S08 — Gossip & State Roots

Lazy push/pull protocol for event propagation between nodes.

IHAVE/IWANT

Node sends IHAVE: event_ids + state_root_pre + rule_version_hash + fork_id
Receiver validates: rule version matches, state root is continuous from known checkpoint, fork ID matches
If valid, receiver sends IWANT for events it doesn’t have
Sender delivers requested events

Mismatch on any of the three validation checks → reject entire gossip batch.

Triple-Anchor validation

Every IHAVE message is validated with three independent checks before any events are requested:

Anchor	What is checked	Failure consequence
rule_version_hash	Hash of the sender’s active rule set must match the receiver’s	Entire gossip batch rejected; receiver may trigger fork if rule divergence is persistent
state_root continuity	The sender’s `state_root_pre` must be reachable from the receiver’s last known checkpoint (chain of verified state roots, no gaps > 1 epoch)	Batch rejected; receiver requests a full checkpoint sync instead
fork_id	Both nodes must be operating on the same fork (identical fork_id)	Batch rejected; sender is on a different fork; events are not shared across fork boundaries

All three anchors must pass for IWANT to be issued. A single failure causes the entire batch to be discarded — partial acceptance would allow inconsistent state to enter the local event log.

Deduplication

Bloom filter per gossip round. Prevents requesting events already in local storage. False positive rate tuned to <1%.

Bloom filter algorithm

A Bloom filter is a probabilistic data structure that answers “have I seen this event ID before?” in O(1) time without storing the actual event IDs.

Filter sizing formula:

m = -n * ln(p) / (ln(2))^2

Where:

m = number of bits in the filter
n = expected number of unique event IDs per gossip round
p = target false positive rate (0.01 = 1%)

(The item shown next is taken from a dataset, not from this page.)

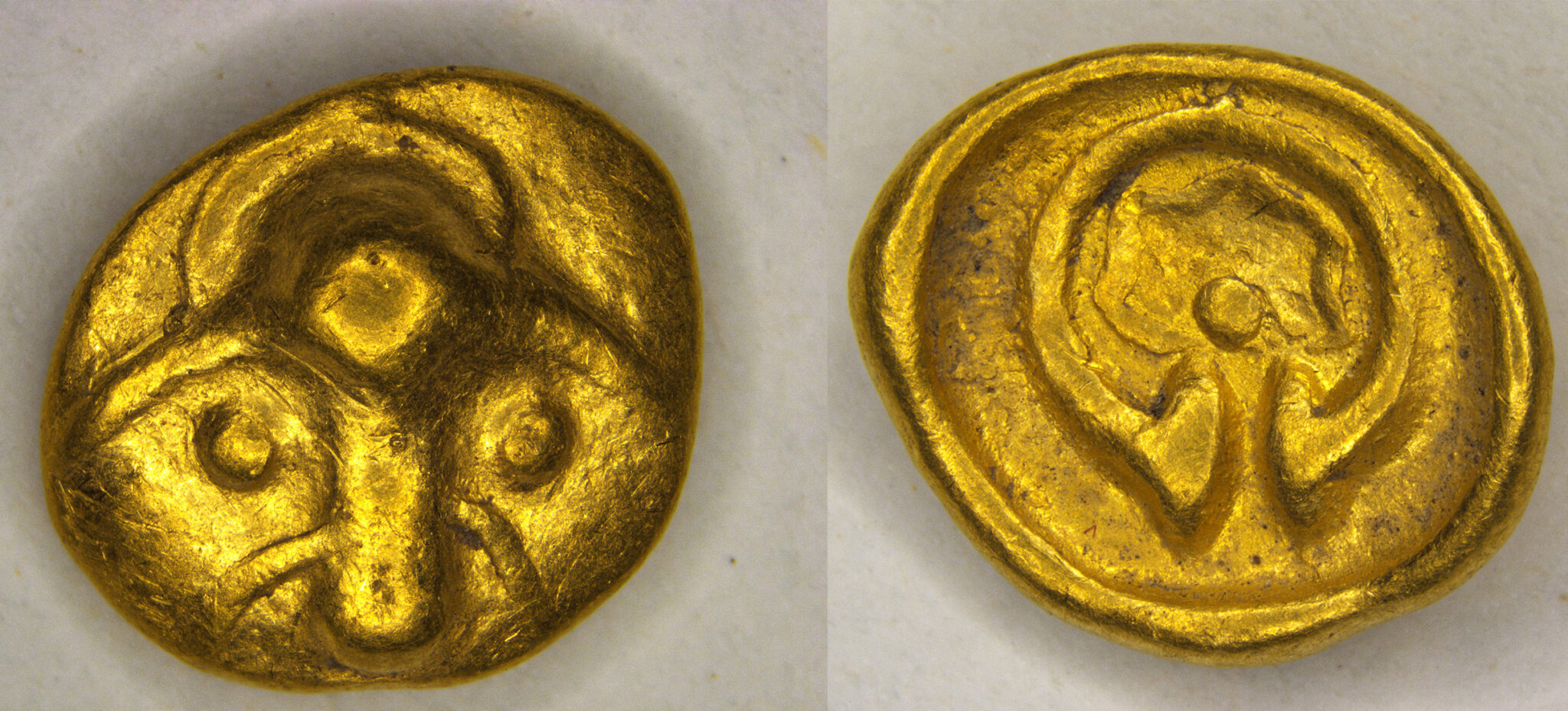 A small find has made a big impact on Saxony’s numismatic history. Daniel Fest, a certified hobby detectorist, uncovered a 2,200-year-old Celtic gold quarter stater in a field near Lipzig-Gundorf. Fest reported the find to German authorities, and the State Office for Archaeology in Dresden officially presented the discovery this week. The 2g quarter stater is the oldest coin found in Saxony and proves that, though Saxony wasn’t within Celtic settlement areas, consistent trade occurred in the region. Prior to this discovery, the oldest known coin in this region was a silver Büschelquinar from the early 1st century B.C. that was discovered in 2007. A total of 11 Celtic coins in Saxony are now known.

For a typical round of n = 1000 events at p = 0.01:

m = -1000 * ln(0.01) / (ln(2))^2  ≈  9585 bits  (~1.2 KB)

Number of hash functions:

k = (m / n) * ln(2)  ≈  7 hash functions

Insertion: Hash the event ID with k independent hash functions; set k bits.
Query: Check all k bit positions; if any is 0, the event is definitely new.
False positives: All k bits set by coincidence (different event IDs); rate ≤ p when filter is not over-full.

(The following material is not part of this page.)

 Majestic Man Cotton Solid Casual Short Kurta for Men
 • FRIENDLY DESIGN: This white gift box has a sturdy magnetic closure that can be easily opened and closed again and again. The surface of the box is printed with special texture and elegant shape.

Each gossip round allocates a fresh filter. Filters are not persisted — they exist only for the duration of a single IHAVE exchange.

Adaptive fanout

Well-connected nodes gossip to fewer peers
Isolated nodes gossip more aggressively
Fanout adjusts based on network topology and propagation delay metrics

Adaptive fanout formula:

fanout = max(3, min(10, 15 - connectivity_score))

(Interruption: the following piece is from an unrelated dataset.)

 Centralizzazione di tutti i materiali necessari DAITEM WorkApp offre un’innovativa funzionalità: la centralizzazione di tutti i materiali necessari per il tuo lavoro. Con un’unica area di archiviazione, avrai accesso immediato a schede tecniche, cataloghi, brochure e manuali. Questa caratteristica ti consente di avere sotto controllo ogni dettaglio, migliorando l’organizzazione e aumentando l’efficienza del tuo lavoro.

Where connectivity_score is the number of live peers in the node’s routing table, clamped to [0, 12].

connectivity_score	fanout
0 (isolated)	10
3	10
5	10
7	8
10	5
12	3 (minimum)

The minimum fanout of 3 ensures gossip always propagates even in well-connected topologies. The maximum of 10 bounds bandwidth on isolated nodes. connectivity_score is recomputed every 5 epochs based on successful IHAVE/IWANT exchanges.

Signed Time Anchors (STA)

High-reputation arbiters broadcast (timestamp, epoch, signature) periodically. Nodes compute: peer_time = STA_median + local_offset. If node drift >30s from STA median, its proposals are deprioritized.

Fork Transition Events

EVT-FORK-TRANSITION contains: source fork_id, target fork_id, divergence point, transition path, reason code, Merkle proof from common ancestor. Both forks must share a genesis_id — no cross-genesis jumps.

Implementation Status

Verified against source: 2026-04-06

Claim	Status	Notes
IHAVE/IWANT lazy push/pull protocol	Spec-only	No gossip protocol code in `src/`. Roadmap item exists at `data/roadmaps/peer-to-peer/content/todo@gossip-sync-liveness.md`.
Bloom filter deduplication	Spec-only	No bloom filter implementation found in source.
Adaptive fanout	Spec-only	No fanout or topology-aware propagation logic in source.
Signed Time Anchors (STA)	Spec-only	No STA broadcast or time-drift deprioritization in source.
Fork Transition Events (EVT-FORK-TRANSITION)	Spec-only	No fork transition event type or cross-fork Merkle proof logic in source.